Patrícia, o que é apenas marketing positivo sobre a questão da inclusão racial e o que é a vontade de corrigir uma “história” de racismo?
Marketing positivo é de fato a inclusão, a contratação de pessoas negras de forma proporcional. Se eu tenho 10 vagas, seis deveriam ser reservadas para as pessoas negras. Não preciso divulgar isso nas redes sociais nem fazer disso um marketing, mas a própria responsabilidade de reservar essas vagas e contratar essas pessoas vai transmitir para os clientes uma imagem que, sim, a empresa entende a importância de investir em diversidade e inclusão e representa a sociedade brasileira. Isso pode contribuir para a reputação positiva dessa marca e fazer com que o atendimento e a relação como cliente possa melhorar.

 

A vantagem de corrigir uma história de racismo? Não sei se isso existe. A gente fala muito de reparação histórica, a importância das ações afirmativas como reparação histórica. Acredito que temos que reduzir as desigualdades.

 

Existem ações necessárias e importantes de reparação histórica, mas para as empresas, hoje, olhando o quadro de profissionais, por exemplo, quanto você representa dessa sociedade na qual está inserida? Vale muito trazer a reflexão da importância de reduzir as desigualdades do que o contexto histórico que a maioria não entende.
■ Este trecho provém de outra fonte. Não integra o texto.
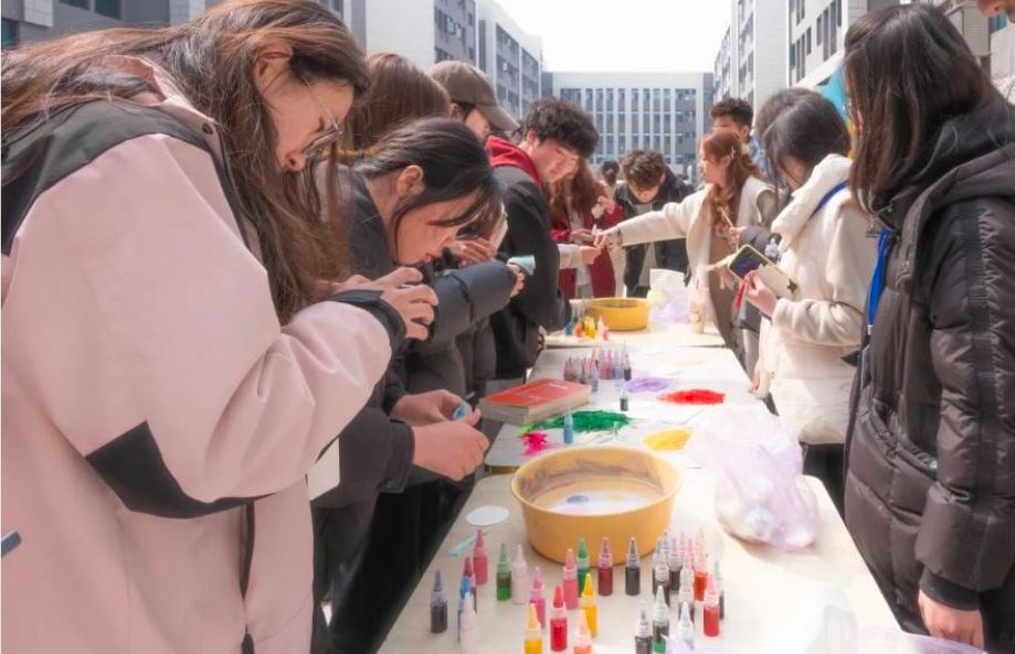 3月7日,梅园公寓化作传统艺术的创意天地。“国风手作体验”活动现场,书签、贴纸、颜料等材料一应俱全。参与者手持书签,在志愿者们的指导下,将彩漆滴入水中,以点、甩、弹、划等手法在水面绘出独一无二的纹样,轻摇扇柄,水的波纹与多彩的脉络攀上扇面,一幅幅精美的漆扇作品跃然呈现。将非遗传承与美育教育深度融合,通过低门槛、高互动的手工体验,让传统技艺走进威廉希尔williamhill学子的日常生活,为春日校园增添了一道亮丽的文化风景线。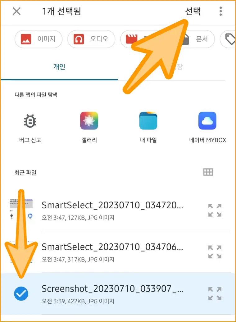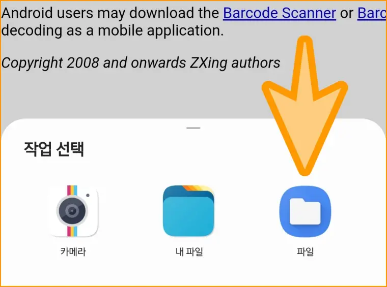 ▲ 카메라와 파일탐색기 2종류가 나오는데 가장 우측 [파일]을 선택해 주세요.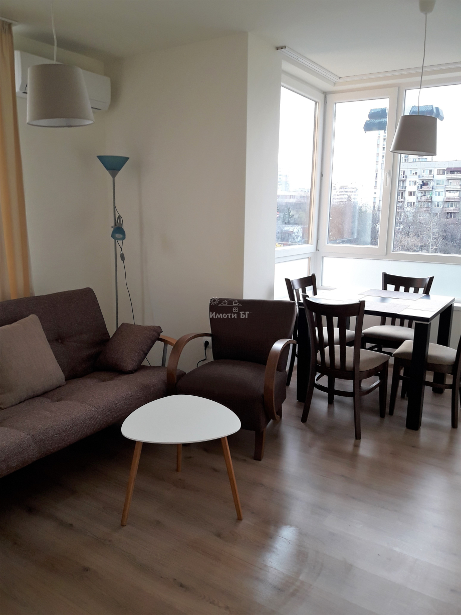 Fully and modernly furnished one-bedroom apartment in a representative new building with video surveillance in Mladost 3, next to a stop of Al.Malinov metro station; layout: living room with kitchenette /sofas, built-in fully equipped kitchen, dining table with chairs, air conditioning, LCD TV/+ south-facing balcony, private bedroom /sleeping set/, bathroom with toilet /shower-screen/, wet room /washing machine/; high quality construction and finishing; central heating + air conditioning; the apartment is available immediately!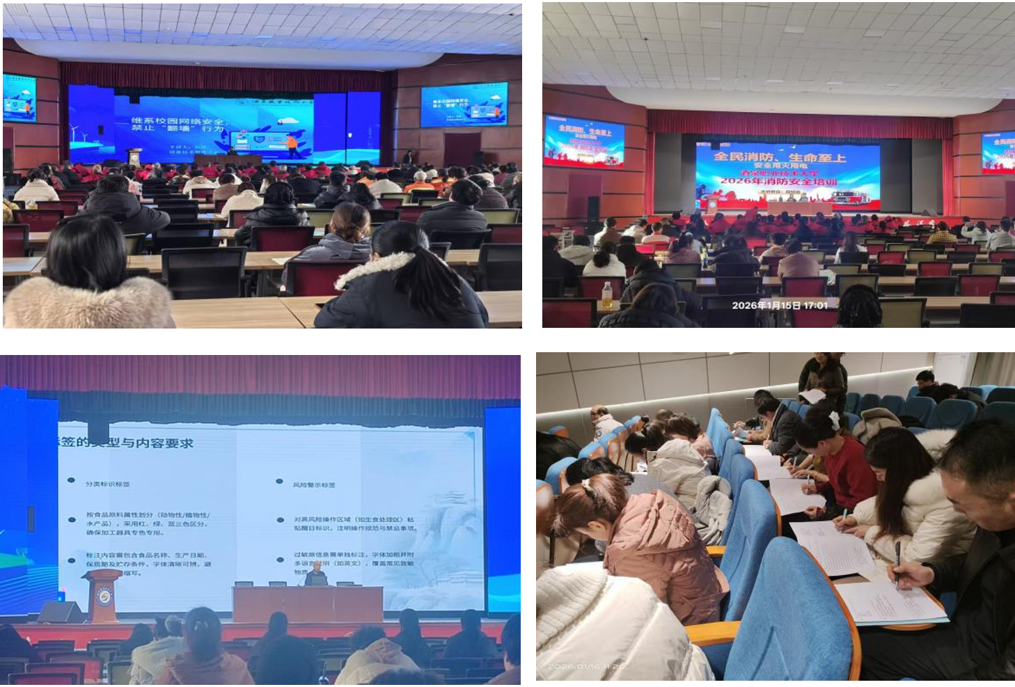 院系动态 > 正文为深入贯彻落实校园安全专项整治“回头看”工作要求及学校寒假前后校园安全稳定工作部署,进一步压实校园服务从业人员安全责任,提升专业素养与实操能力,1月15日至16日,学校后勤管理处协同酒泉职业技术大学科技园有限公司在胡杨文化活动中心、弘毅楼C座问道厅分场次举办校园安全专题培训。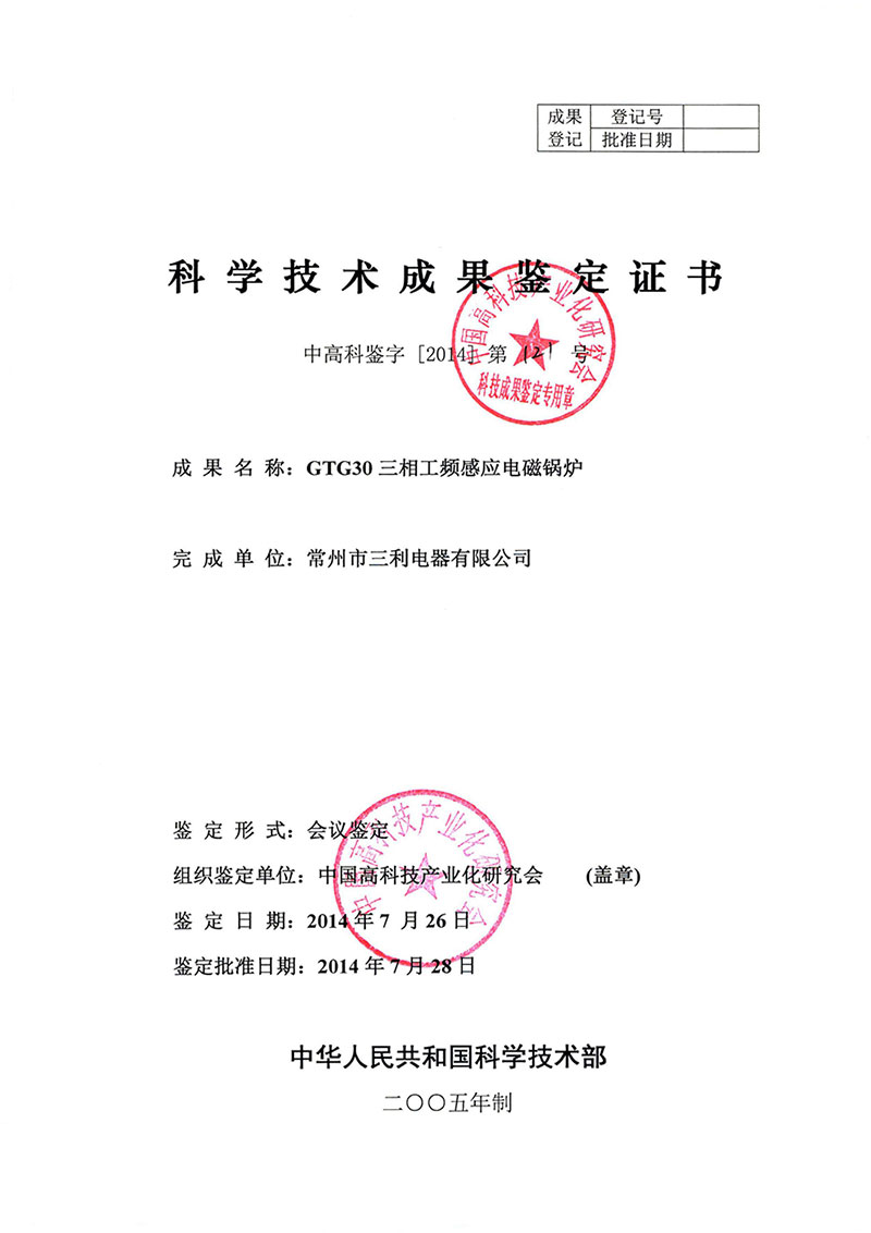 榮譽資質(zhì)- 工頻感應(yīng)電磁鍋爐銷售部:電話:0519-86973218 86957150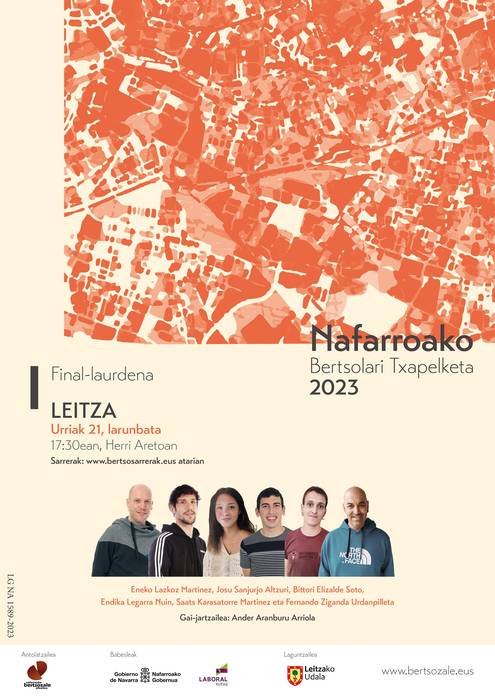 Leitzako herri aretoan egingo dute Nafarroako Bertsolari Txapelketa final-laurdena, arratsaldeko 17:30ean. Eneko Lazkoz Martinez, Josu Sanjurjo Alzuri, Bittori Elizalde Soto, Endika Legarra Nuin, Saats Karasatorre Martinez eta Fernando Ziganda Urdanpilleta izango dira parte hartzaileak; gai-jartzailea Ander Aranburu Arriola.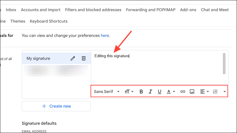 - Now you can click on the right and edit your signature as you want. You can even use the various formatting options at the bottom to change the font of your signature, make it bold, italicized, or underlined, and even add an image.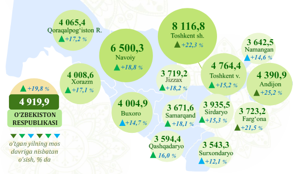 Навоий (6,5 миллион сўм), Тошкент (4,7 миллион сўм), Андижон (4,3 миллион сўм) вилоятлари ва Қорақалпоғистонда (4 миллион сўм) ҳам яхши натижалар қайд этилди.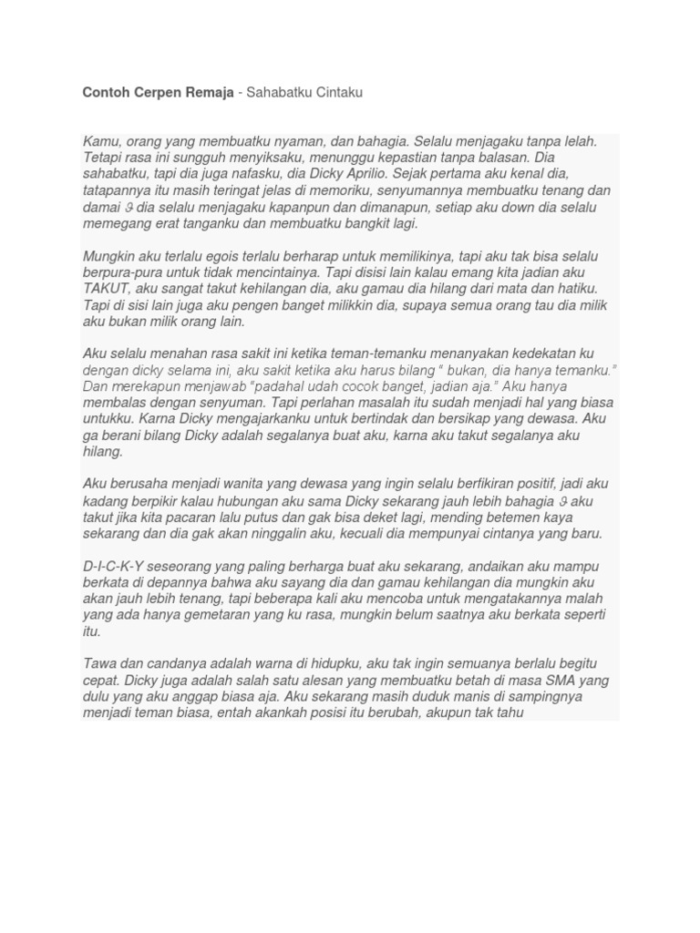 Cerpen remaja menjadi daya tarik sendiri karena mengisahkan masa masa remaja. 12 contoh cerpen singkat pendidikan remaja islami cinta persahabatan oleh jensen topata contoh cerpen cerita pendek adalah sebuah karya sastra fiksi yang disusun secara singkat dan padat yang menceritakan berbagai masalah kehidupan seperti cinta persahabatan religi pendidikan dan suasana sekolah. Cerpen remaja lolos moderasi pada.

É importante entender, mas não vejo essa vontade.

 

Por fim, o que é diversidade e inclusão levando em conta a sociedade brasileira?
Diversidade é reconhecer a importância de pessoas diferentes no ambiente de trabalho. É levar em conta o retrato da sociedade em que estamos e que queremos dentro das nossas empresas. A inclusão faz isso acontecer por meio das contratações.

 

A inclusão se dá quando a empresa pratica aquilo que ela fala em diversidade.

 

A inclusão na sociedade brasileira só vai acontecer por meio da equidade, das ações que visam reduzir as desigualdade e, enfim, registrar e retratar a proporcionalidade que somos. Hoje somos 56% da população no Brasil. Precisamos ter essa representatividade em todos os cargos de forma proporcional, principalmente nas 500 maiores empresas do País que hoje têm apenas 4,6% de executivos negros.

 

É muito triste o que é desigualdade em nosso país. Diversidade e inclusão no Brasil é retratar de fato a sociedade em que vivemos, com 56% de negros; 24% de pessoas com deficiência; 25% LGBTQIA+; 53% de mulheres, enfim é essa força que queremos ver representadas nas empresas.